After President Trump urged supporters during a Wednesday rally to march to the U.S. Capitol, in a last-ditch effort to overturn the 2020 election results, hundreds of them did just that. A large subset of the crowd descended on the Capitol building — violently clashing with Capitol police outside the building, smashing windows to get in, and sending the Hill into lockdown. While this terrifying seizure was ostensibly to stop the Senate from certifying the Electoral College vote, splinter rallies broke out at statehouses across America on Wednesday.

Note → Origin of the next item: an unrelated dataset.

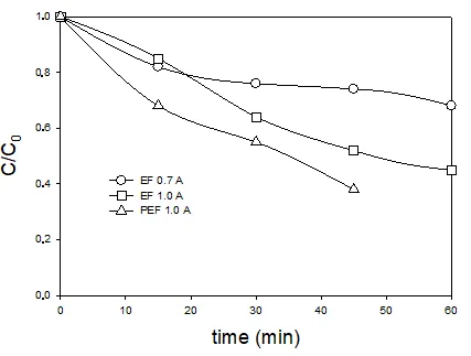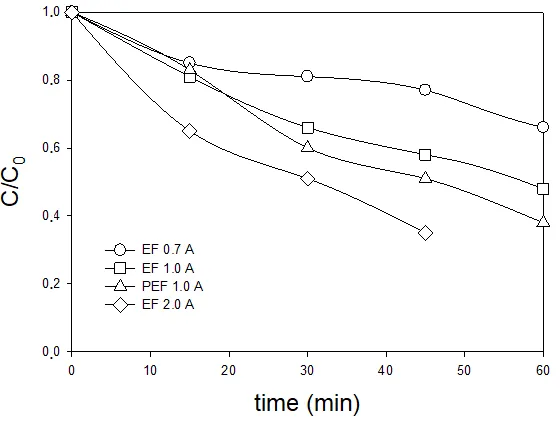 i.e., a photoelectro-Fenton treatment. As can be seen in the presence of light slightly increases the reaction rate of the electro-Fenton process, thus allowing an alternative reaction pathway for the removal of MET (60 min of treatment rendered almost 60% of MET degradation), although improvement was lower than the one obtained by simple increasing the applied current from 1 to 2 A.

The day after its historic runoff elections, which flipped Senate control to the Democrats, the Georgia Capitol was surrounded by militia members. According to The Washington Post’s Amy Gardner, Georgia Secretary of State Brad Raffensperger (R) was escorted out to safety shortly after militia members ascended. Earlier this week, Raffensperger called on Georgia Sen. David Perdue, who lost his re-election bid in the runoffs, to apologize to his wife after she received death threats following Perdue’s calls for Raffensperger's resignation. Raffensperger has become a central figure in politics after audio leaked of Trump’s phone-call plea to "find" him "11,780 ballots" over the weekend.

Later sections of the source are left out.